▶

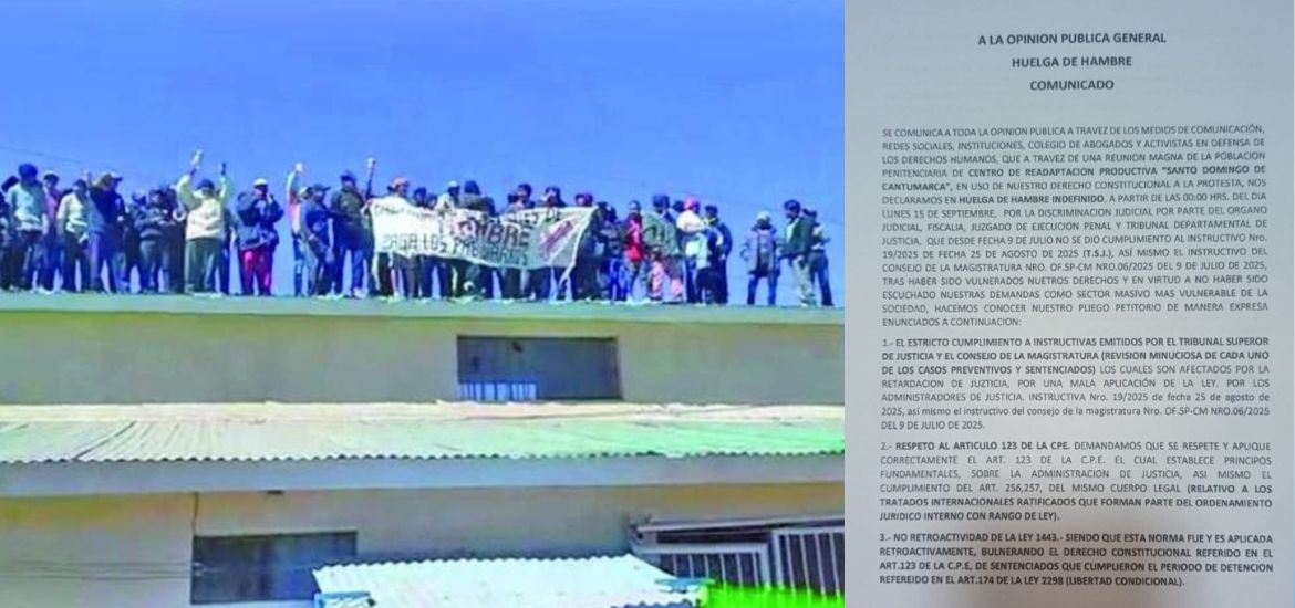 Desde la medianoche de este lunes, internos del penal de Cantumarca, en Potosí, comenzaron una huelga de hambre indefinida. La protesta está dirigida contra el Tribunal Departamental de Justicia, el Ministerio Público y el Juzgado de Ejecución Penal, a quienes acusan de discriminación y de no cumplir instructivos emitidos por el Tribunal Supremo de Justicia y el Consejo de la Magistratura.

◀
▶

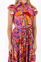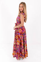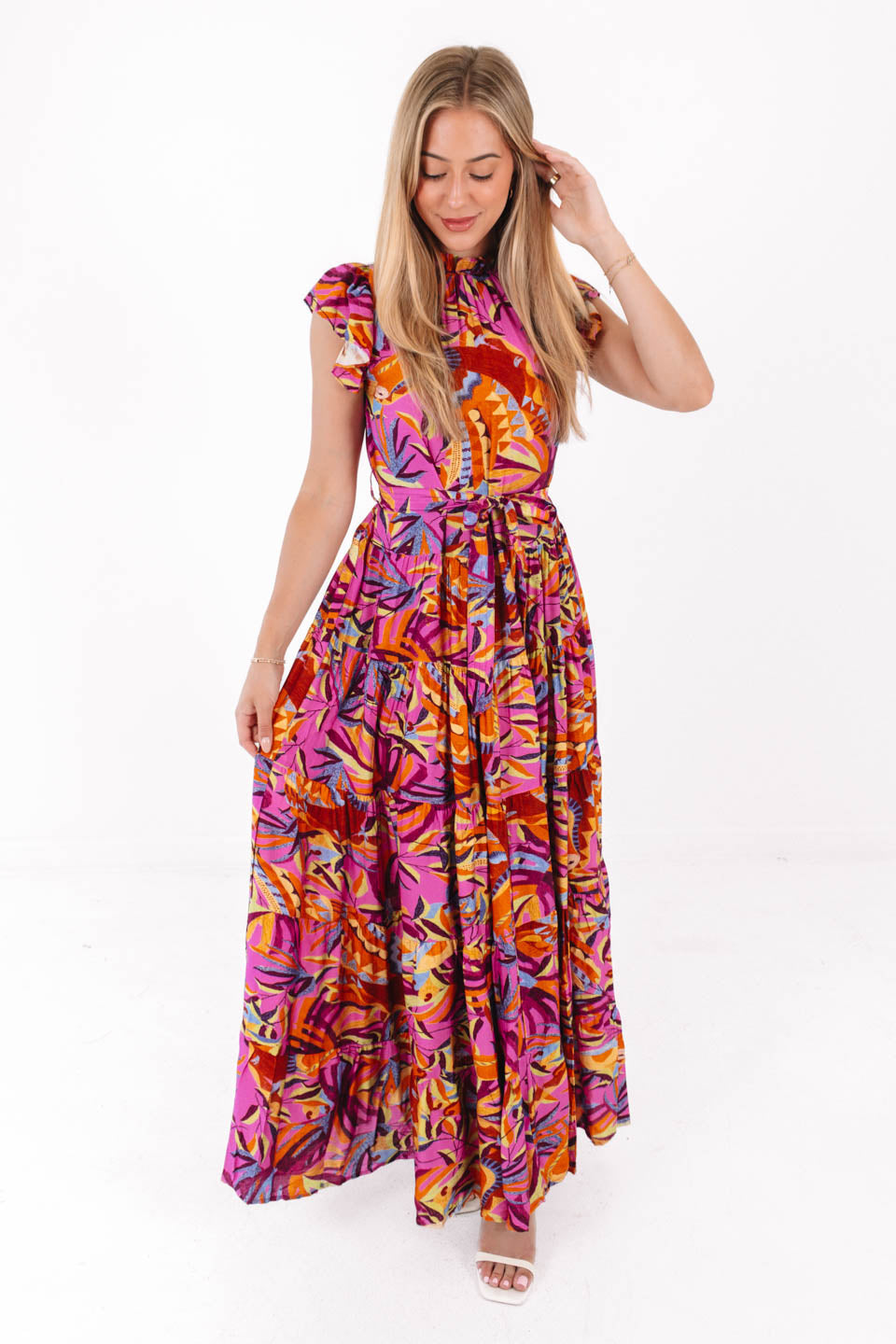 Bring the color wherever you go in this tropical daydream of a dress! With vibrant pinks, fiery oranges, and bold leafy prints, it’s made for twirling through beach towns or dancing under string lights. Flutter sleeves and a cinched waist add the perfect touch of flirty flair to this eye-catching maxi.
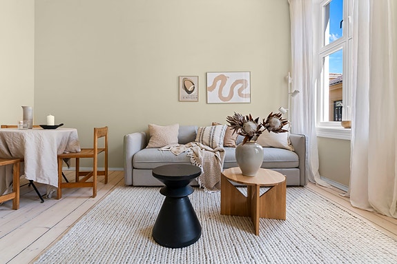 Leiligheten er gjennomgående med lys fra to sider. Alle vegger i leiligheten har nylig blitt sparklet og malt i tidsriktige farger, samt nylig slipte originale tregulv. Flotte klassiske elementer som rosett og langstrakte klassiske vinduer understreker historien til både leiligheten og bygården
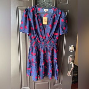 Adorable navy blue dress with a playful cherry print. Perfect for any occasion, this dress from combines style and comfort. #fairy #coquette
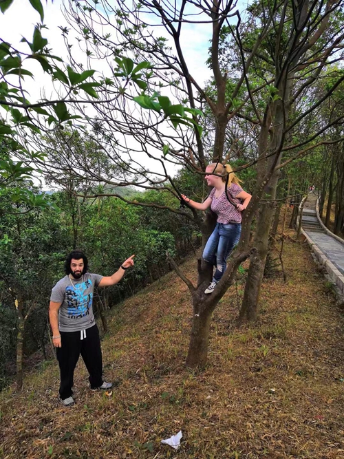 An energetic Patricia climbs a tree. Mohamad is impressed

◀

[Work item] From the records above, quote word for word only the lines beginning at the line that has "Leiligheten er gjennomgående" and stopping after the line that has "An energetic Patricia". Omit the pictures.

[Task output]
 Leiligheten er gjennomgående med lys fra to sider. Alle vegger i leiligheten har nylig blitt sparklet og malt i tidsriktige farger, samt nylig slipte originale tregulv. Flotte klassiske elementer som rosett og langstrakte klassiske vinduer understreker historien til både leiligheten og bygården
 Adorable navy blue dress with a playful cherry print. Perfect for any occasion, this dress from combines style and comfort. #fairy #coquette
 An energetic Patricia climbs a tree. Mohamad is impressed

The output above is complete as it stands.